▸ Entries shown:
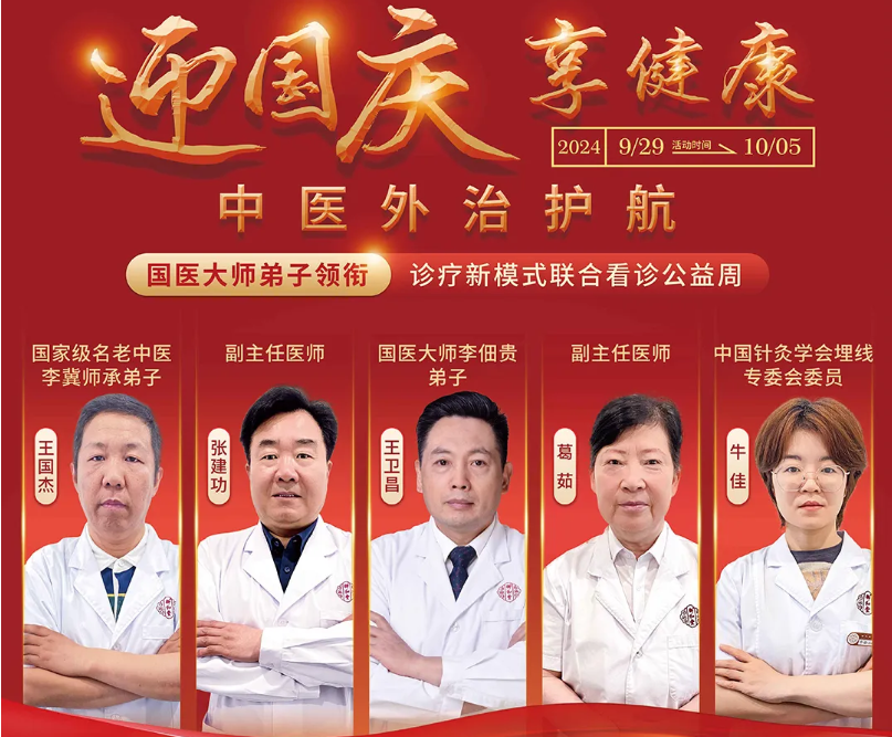 郑州御和堂中医趁国庆节来临之际,2024年9月29日—10月5日,开展“国医大师弟子领衔·中医外治护航,诊疗新模式联合看诊”公益活动,希望为众多渴望康复的患者点亮希望。我院精心策划与筹备,旨在通过汇聚名中医专家,为广大患者提供更准确、高效的诊疗方案,切实解决患者看病“有专家 没时间”,“有时间 没专家”的尴尬问题。
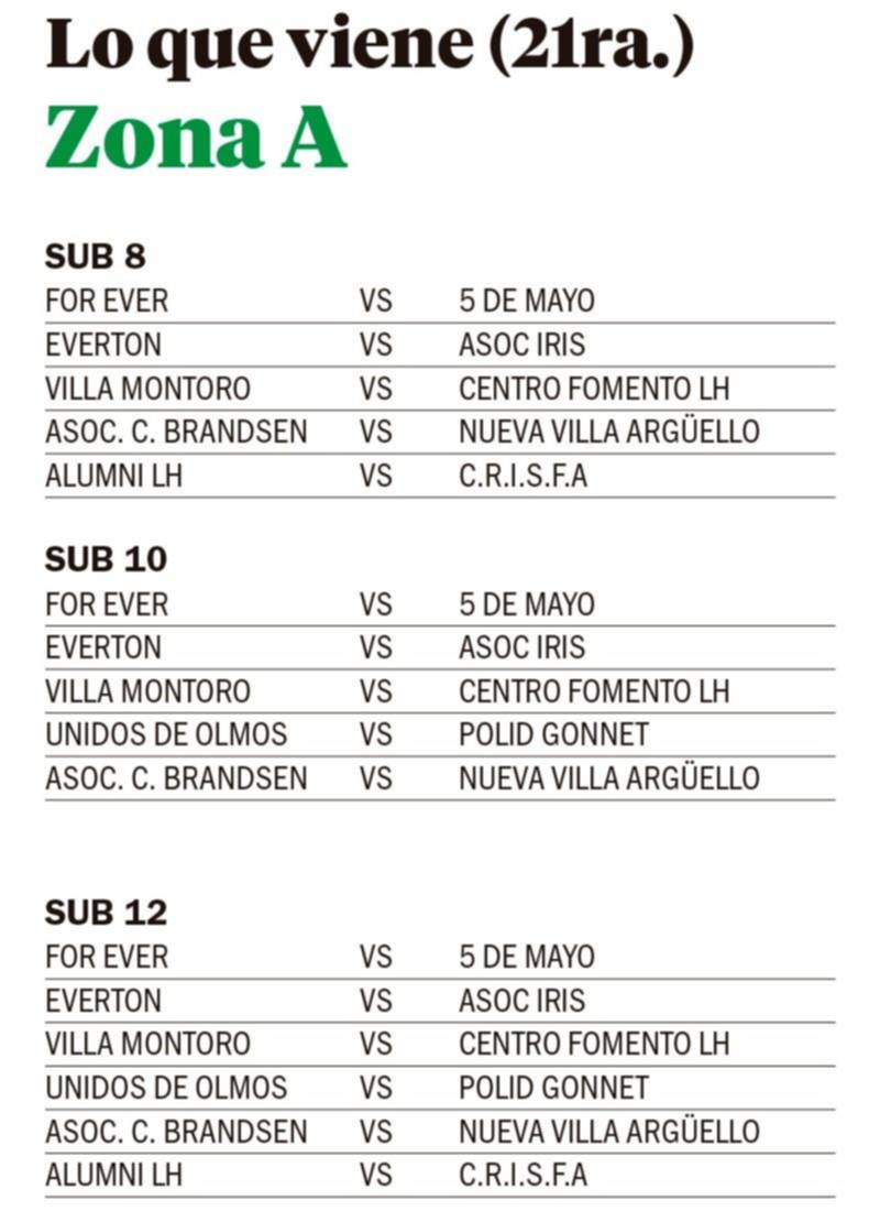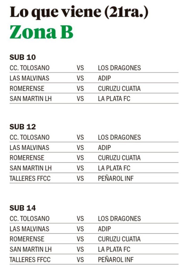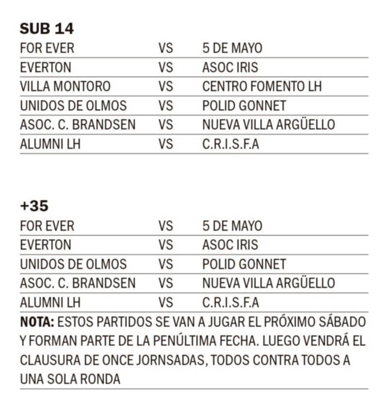 Si el tiempo acompaña, el sábado que viene definirán su suerte en el Torneo Clausura la Sub 10 de Brandsen (Zona A) y la Sub 14 de For Ever (Zona A); la Sub 10 del Círculo Tolosano (Zona B); y el + 35 del Fomento.
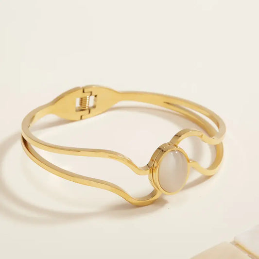 Cat Eye Stone Bracelet - Gold Plated Stainless Steel
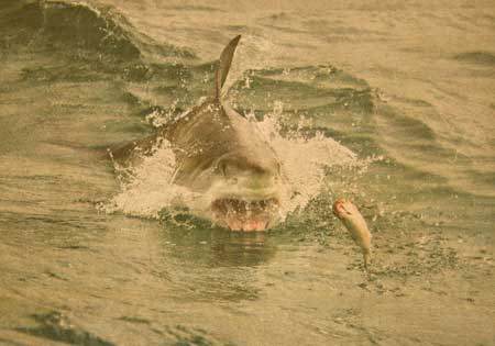 Uit de Examiner van 19/3/09 -foto van George Trinkler - A white pointer shark chasing bait off Stockton Beach
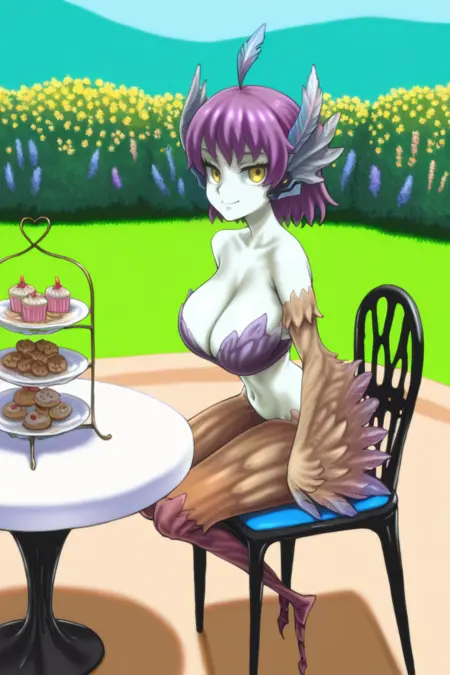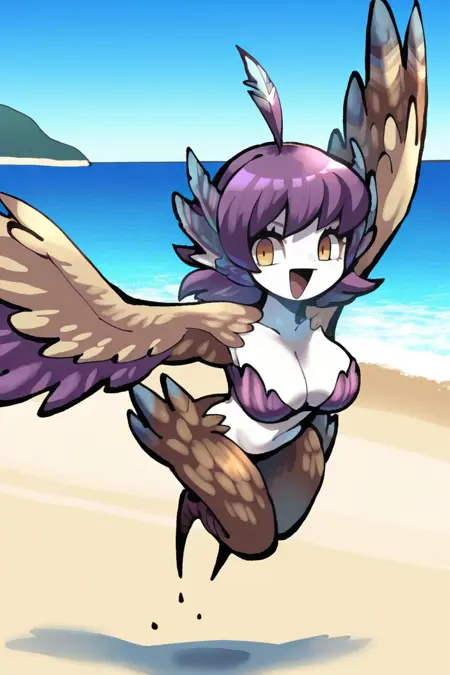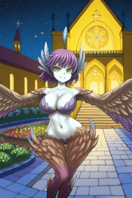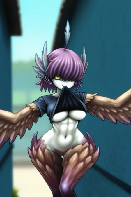 Helpful Tags: 1girl, monster girl, harpy, medium hair, purple hair, feather hair, ahoge, yellow eyes, pale skin, winged arms, feathered wings, cleavage, large breasts, navel, bird legs,
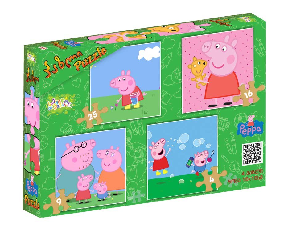 სამაგიდო პაზლების ნაკრები, რომელიც შეიცავს 4 სხვადასხვა სირთულის პაზლს (4, 9, 16 და 25 ნაჭერი). თითო პაზლი წარმოდგენილია 16×16 სმ ზომაში, მაღალი ხარისხის მუყაოზე დაბეჭდილი ფერადი ილუსტრაციით. იდეალურია ბავშვებისთვის ფერების, ფორმების და ყურადღების განვითარებისთვის.
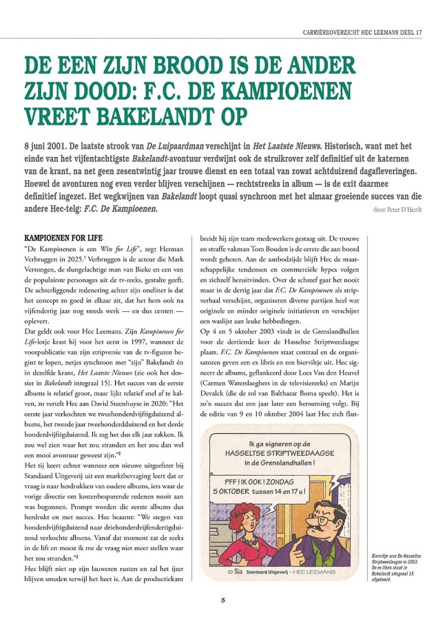 De verhalen zijn telkens ingeleid door tal van (strip)weetjes. Het rijkelijk geïllustreerde carrièrehoofdstuk brengt nog meer het succes van Hec Leemans’ andere stripreeks F.C. De Kampioenen in kaart, uiteindelijk ten koste van Bakelandt. Een ander, leerzaam historisch hoofdstuk vertelt dan weer over krijgsgeneeskunde in de Franse tijd van Bakelandt.
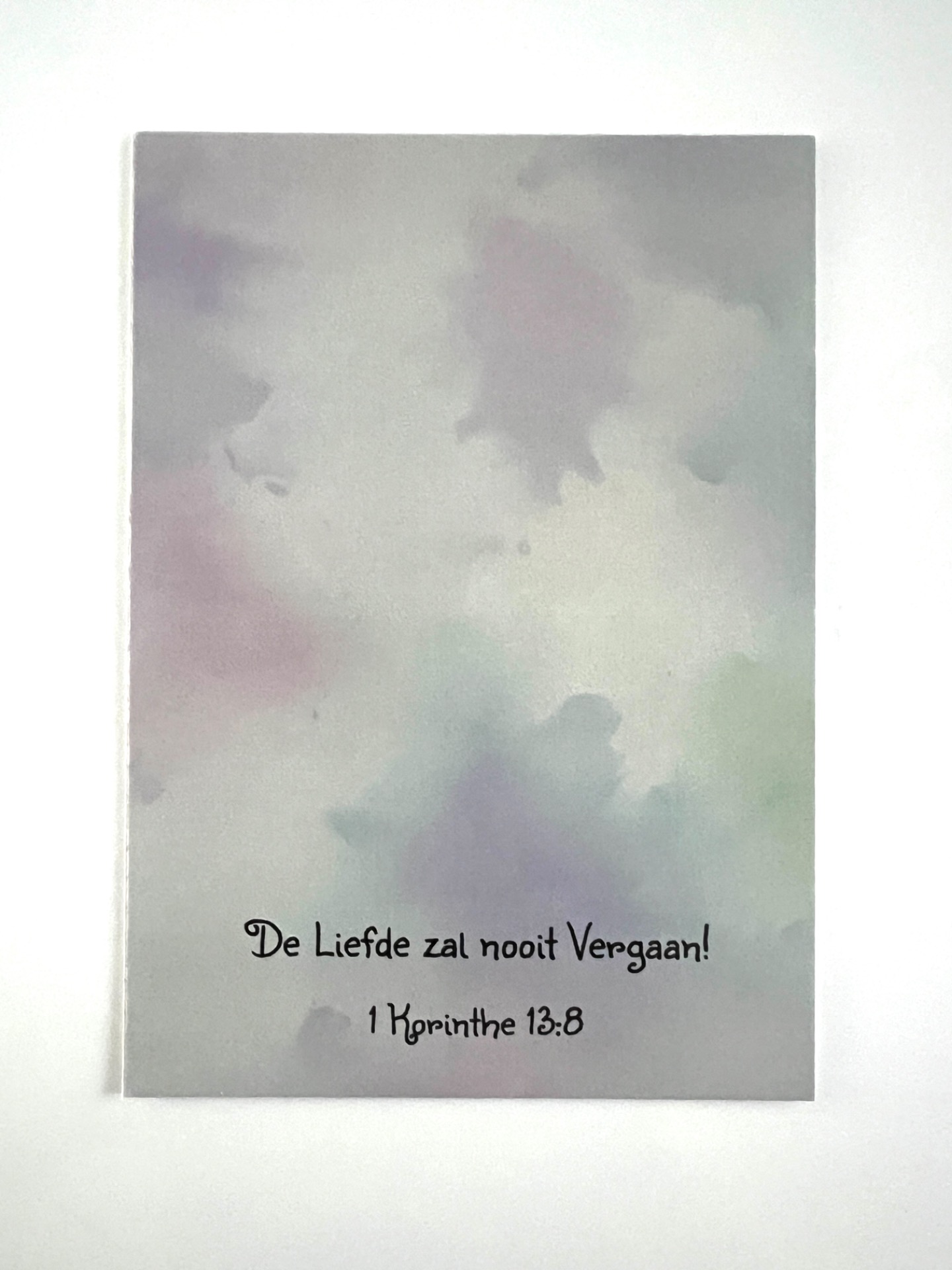 Kaartje: De liefde zal nooit vergaan!Naar 1 Korinthe 13:8

▸ Work order: Reproduce the listing word for word. Do not carry over the pictures.

▸ Exercise answer:
 郑州御和堂中医趁国庆节来临之际,2024年9月29日—10月5日,开展“国医大师弟子领衔·中医外治护航,诊疗新模式联合看诊”公益活动,希望为众多渴望康复的患者点亮希望。我院精心策划与筹备,旨在通过汇聚名中医专家,为广大患者提供更准确、高效的诊疗方案,切实解决患者看病“有专家 没时间”,“有时间 没专家”的尴尬问题。
 Si el tiempo acompaña, el sábado que viene definirán su suerte en el Torneo Clausura la Sub 10 de Brandsen (Zona A) y la Sub 14 de For Ever (Zona A); la Sub 10 del Círculo Tolosano (Zona B); y el + 35 del Fomento.
 Cat Eye Stone Bracelet - Gold Plated Stainless Steel
 Uit de Examiner van 19/3/09 -foto van George Trinkler - A white pointer shark chasing bait off Stockton Beach
 Helpful Tags: 1girl, monster girl, harpy, medium hair, purple hair, feather hair, ahoge, yellow eyes, pale skin, winged arms, feathered wings, cleavage, large breasts, navel, bird legs,
 სამაგიდო პაზლების ნაკრები, რომელიც შეიცავს 4 სხვადასხვა სირთულის პაზლს (4, 9, 16 და 25 ნაჭერი). თითო პაზლი წარმოდგენილია 16×16 სმ ზომაში, მაღალი ხარისხის მუყაოზე დაბეჭდილი ფერადი ილუსტრაციით. იდეალურია ბავშვებისთვის ფერების, ფორმების და ყურადღების განვითარებისთვის.
 De verhalen zijn telkens ingeleid door tal van (strip)weetjes. Het rijkelijk geïllustreerde carrièrehoofdstuk brengt nog meer het succes van Hec Leemans’ andere stripreeks F.C. De Kampioenen in kaart, uiteindelijk ten koste van Bakelandt. Een ander, leerzaam historisch hoofdstuk vertelt dan weer over krijgsgeneeskunde in de Franse tijd van Bakelandt.
 Kaartje: De liefde zal nooit vergaan!Naar 1 Korinthe 13:8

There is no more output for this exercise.